Abstract:We present a rotation-equivariant unsupervised learning framework for the sparse deconvolution of non-negative scalar fields defined on the unit sphere. Spherical signals with multiple peaks naturally arise in Diffusion MRI (dMRI), where each voxel consists of one or more signal sources corresponding to anisotropic tissue structure such as white matter. Due to spatial and spectral partial voluming, clinically-feasible dMRI struggles to resolve crossing-fiber white matter configurations, leading to extensive development in spherical deconvolution methodology to recover underlying fiber directions.
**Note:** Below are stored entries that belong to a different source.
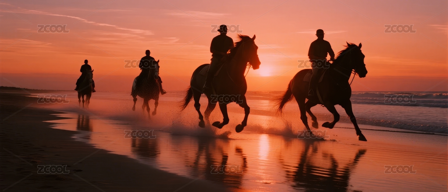 夕阳海滩上的骑马剪影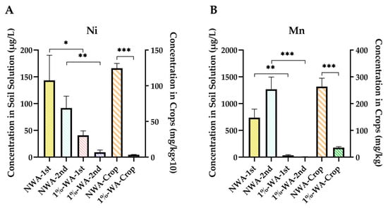 Concentration of (A) Ni, (B) Mn, (C) Zn, and (D) Cd in soil solution and crops. Asterisk indicates significant differences between groups, with the number of asterisks indicating the level of significance (* p < 0.05; ** p < 0.01; *** p < 0.001).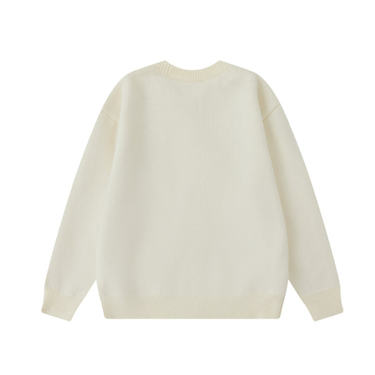 Color-block Jacquard Knitwear Loose Fit Casual Unisex Pullover Sweater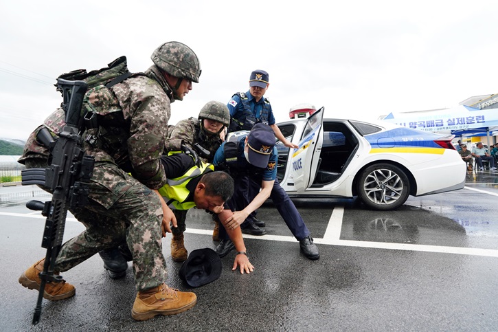 양구군은 2024년 을지연습이 실시되고 있는 가운데 지난 8월 21일 강원특별자치도 양구군 농업기술센터 주차장에서 전시상황시 양곡배급 실제훈련을 실시했다. 양곡배급소에서 양곡을 탈취 시도한 괴한이 경계중인 군부대 요원에게 제압 당한 후 신고를 받고 출동한 경찰에게 인계되고 있다.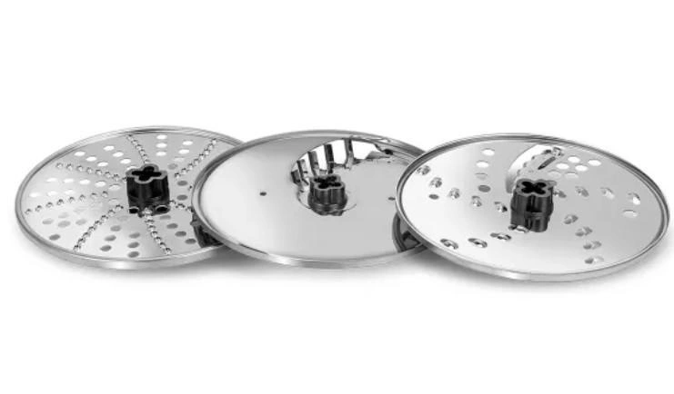 W zestawie z robotem MRK-27 otrzymujesz 3 pełne tarcze ze stali nierdzewnej. Tarcza do ucierania ziemniaków ułatwi przygotowanie chrupiących placków, tarcza do ścierania i krojenia w plastry sprawdzi się przy warzywach i serach, a tarcza do krojenia w słupki pozwoli na szybkie stworzenie kształtnych frytek lub dodatków do sałatek. Wytrzymała stal nierdzewna gwarantuje trwałość i precyzję, dzięki czemu przygotowywanie posiłków staje się prostsze i przyjemniejsze, a tarcze posłużą Ci przez długie lata!
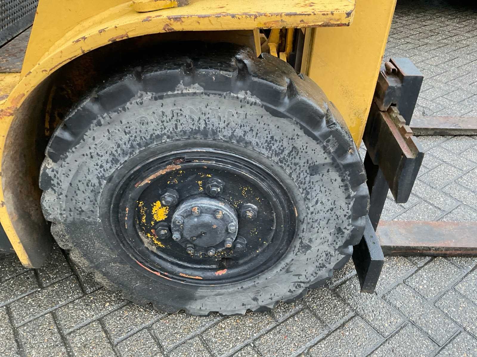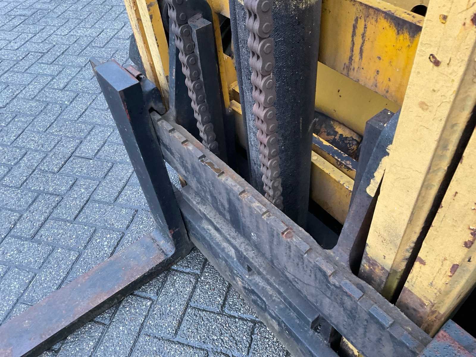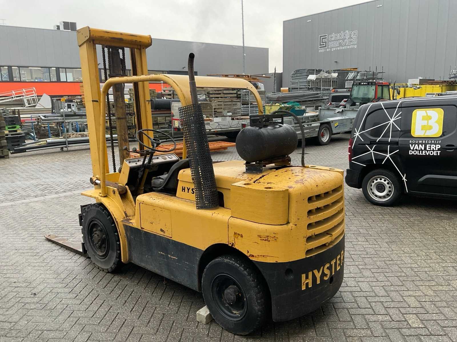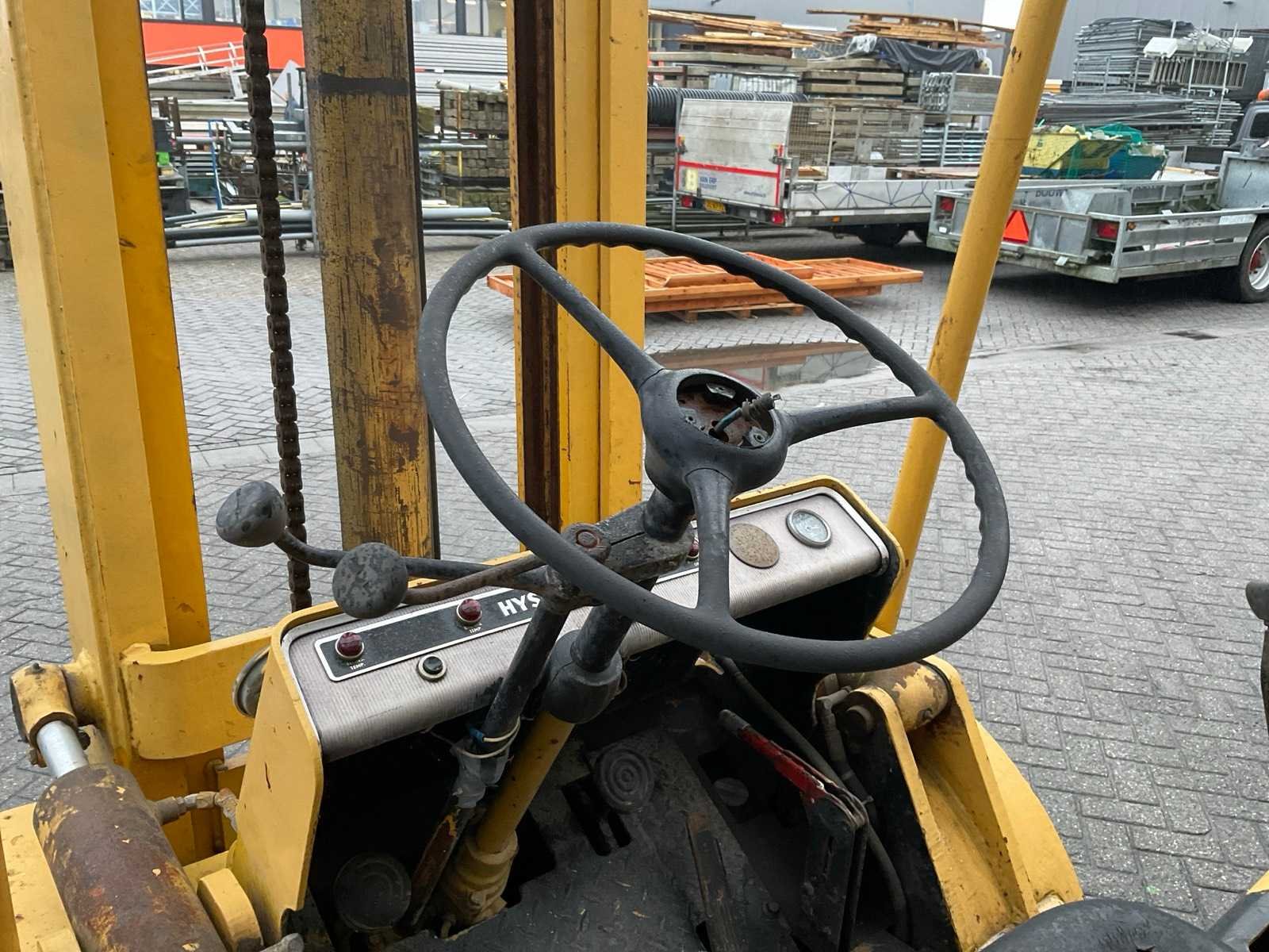 Lepelbreedte 125 mm. Merk: Hyster Brandstof: LPG Afgelezen urenstand: 1673 Duplex mast: true Lepellengte: 1200mm Max. hefhoogte: 4300mm Vol rubber banden: true Minimale doorrijhoogte: 2250mm Totale afmeting L: 2900mm Totale afmeting Breedte: 1350mm Totale afmeting Hoogte: 2200mm LPG: true

However, these methods are typically linear and struggle with small crossing-angles and partial volume fraction estimation. In this work, we improve on current methodologies by nonlinearly estimating fiber structures via unsupervised spherical convolutional networks with guaranteed equivariance to spherical rotation. Experimentally, we first validate our proposition via extensive single and multi-shell synthetic benchmarks demonstrating competitive performance against common baselines. We then show improved downstream performance on fiber tractography measures on the Tractometer benchmark dataset. Finally, we show downstream improvements in terms of tractography and partial volume estimation on a multi-shell dataset of human subjects.